DIE ZEIT: Am 25. März hat man uns eine Stunde weggenommen zugunsten der Sommerzeit. Ist das im Sinne des Vereins zur Verzögerung der Zeit?

Erwin Heller: Ich halte das für grotesken Unsinn. Man sollte mal kalkulieren, was diese Umstellungen kosten; wahrscheinlich ließe sich Griechenland damit sanieren. Vielleicht sollte man eine Aktion »Zeit für Griechenland« starten.

ZEIT: Sie machen immer wieder solche Aktionen. Wie muss man sich die vorstellen?

Heller: Wir hatten letzten September ein Symposium auf der Insel Frauenchiemsee. Ein kleines zauberhaftes Inselchen, das an schönen Tagen von Tausenden Leuten überrollt wird. Da ist die Hölle los. Wir haben an einer Wegkreuzung eine Stellwand aufgebaut. Darauf stand: »UNESCO – 13. Jahrestag des Fotofastens«. Den Leuten haben wir gesagt, dieser Gedenktag diene dazu, dass die Menschen Natur wieder direkt erleben und keine Hilfsmittel dazwischenschalten. Die Aufforderung sei, an diesem Tag pro Apparat nur ein Foto zu machen.

ZEIT: Wie war die Reaktion?

Heller: Viele Leute haben sofort zugestimmt, dass es eine Unsitte sei, nur noch mit einer Linse vor dem Auge durch die Welt zu rennen.

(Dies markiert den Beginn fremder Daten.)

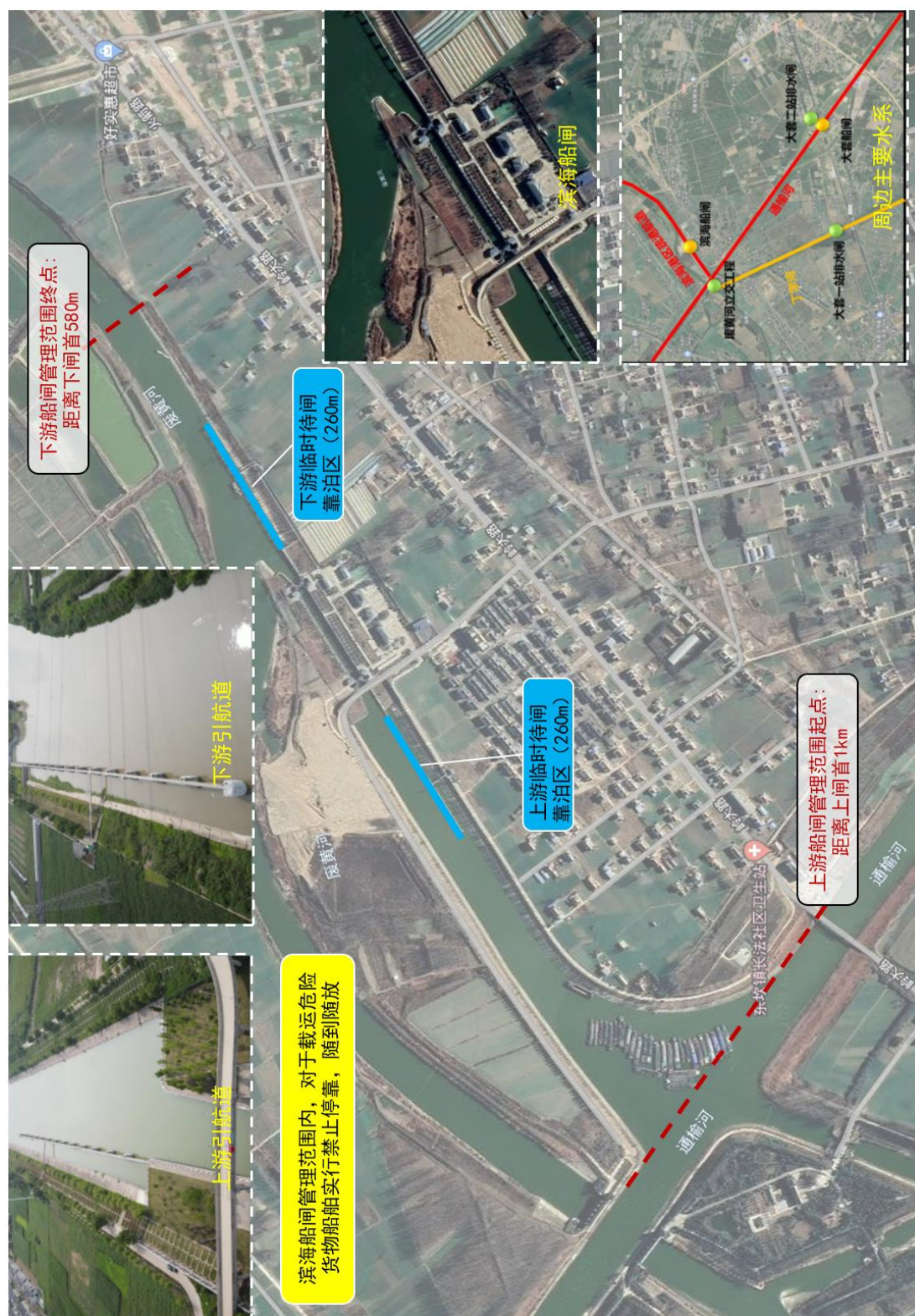
附图 1 滨海船闸闸区管理范围示意图
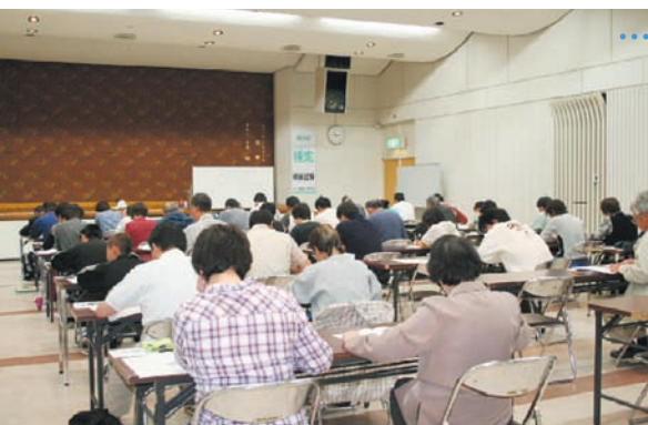
試験に集中する受験者ら。勉強の成果は発揮できたろうか。
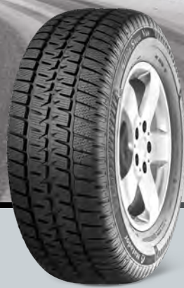
MPS530 Sibir Snow VAN
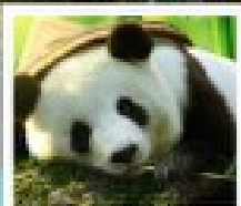
ศูนย์อนุรักษ์แพนด้า
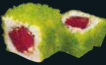
ТУНА СПАЙСИ 🌶️

лосось, авокадо, сливочный сыр, икра летучей рыбы, стружка тунца 8 шт. / 230 гр. 750.-
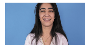
Nawel Rafik-Elmrini Grand Est Maire-adjointe de Strasbourg (67)
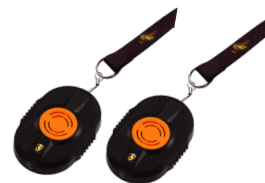
2 Badges Compagnons
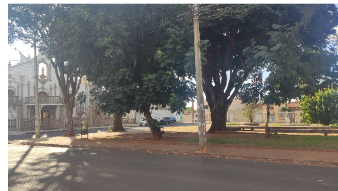
- FOTO DA PRAÇA A SER REFORMADA
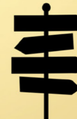
Bereikbaarheid van de middenstand rustpunten en laadpalen
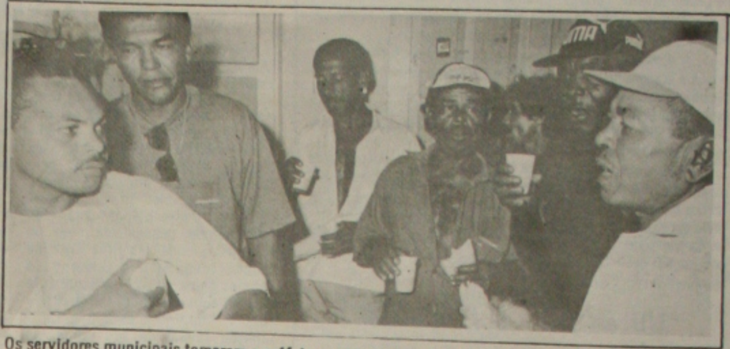
Os servidores municipais tomaram o café da manhã e discutiram as medidas judiciais
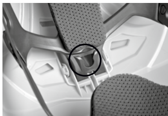
Zásuvný knofl ík vzadu
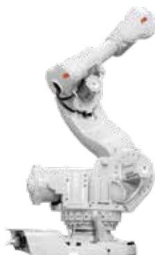
IRB 7600 150 - 500 kg 2,55 - 3,50 m
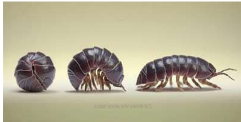
Figura 4: Cochinilla Dactylopius coccus

no lo tenemos es un riesgo enorme ya que se hospeda en la parte radicular y foliar del cultivo, además de instalarse en la fruta en el área del pezón de la misma esto ocasiona daños mecánicos al cultivo y la fruta además de actuar como un agresivo vector de enfermedades, se hace presente a lo largo de la vida de las plantaciones sin distinguir épocas seca o lluviosa siempre se asocia con la presencia de hormigas que viven a expensas de sus fluidos corporales que son dulces y apetecibles para las mismas, entro en el mismo rango de controles de plagas que el caracol africano y sus controles como vector fueron muy eficientes.
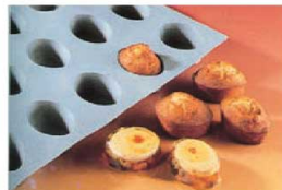
② エラストモールド 小判型
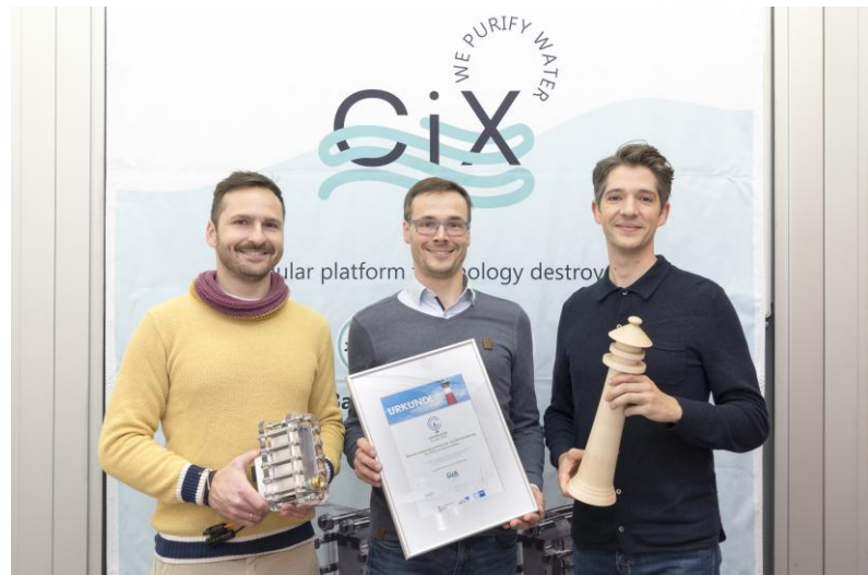
Abbildung 3: Die Gewinner des Leuchtturms 2025 CiX GmbH.

Die Reinigungssysteme von CiX basieren auf einer neuartigen elektrochemischen Plattformtechnologie. Die Reinigungssysteme arbeiten ausschließlich mit elektrischem Strom - vollständig ohne den Einsatz zusätzlicher Chemikalien, Filtermaterialien oder externer Entsorgungsketten. Kern der Technologie sind neu entwickelte Diamantelektroden, die gezielt hochreaktive Prozesse im Wasser auslösen und selbst besonders stabile organische Verbindungen zuverlässig zerstören.

Es ist ein Grapschen nach Momenten. Darin ähneln sich alle unsere Aktionen: Die Botschaft geht nicht über den Kopf, sondern nur über das Absurde.

ZEIT: Schon der Name Ihres Vereins klingt ziemlich schräg.

Heller: Das bringt Diskussionen in Gang. Die Leute sagen, die Zeit kann man gar nicht verlangsamen. Ich frage zurück: Aber die Zeit beschleunigen, das geht schon? Das führt meistens zu nachdenklichen Gesichtern.

ZEIT: Ihnen geht es um die »Qualität« von Zeit. Was verstehen Sie darunter?

Heller: Es gab aus der Erfahrung der Beschleunigung vieler Prozesse eine Tendenz, alles langsamer zu machen. Aber ich bin persönlich kein langsamer Mensch. Ich hatte immer ein Problem mit Langsamkeit als Wert. Sie ist genauso wenig ein Wert an sich wie Schnelligkeit. Es geht um Inhalte, nicht um Tempo.

ZEIT: Könnten Sie ein Beispiel geben?

Heller: Die Qualität des Lebens vieler Menschen wird von der Arbeit bestimmt. Die Frage ist: Ist das eine Arbeit, die dir wirklich Spaß macht, wo du dich gerne reinhängst, wo du die Möglichkeit hast, dich als Mensch zu entwickeln, dich in die Firma einzubringen?

ZEIT: Hört sich gut an. Aber wer kann sein Arbeitsleben wirklich mitgestalten? Bei wichtigen Entscheidungen in den Betrieben werden die Leute doch gar nicht gefragt.

Heller: Was wir in der Wirtschaft erleben, ist eine Wendung von innen nach außen. Man fragt nicht mehr: Wie geht es uns?, sondern schaut nur darauf, wie beschönige oder fälsche ich meinen Quartalsbericht. Die Umstellung von Strukturen findet heute immer noch in einer unsäglichen Weise statt. Umstrukturierung braucht Zeit. Die gibt es aber in so gut wie keiner Firma. Kaum heißt es, da wird nicht rentabel gearbeitet, bricht überall die Panik aus. Da geht es zu wie auf der Titanic an den Rettungsbooten. Das Problem ist, dass keiner mehr Fehler machen will. Wir müssen uns dringend von der Illusion der Perfektheit verabschieden. Es geht nicht fehlerfrei. Wenn wir uns das eingestehen, geht schon eine Menge Druck weg.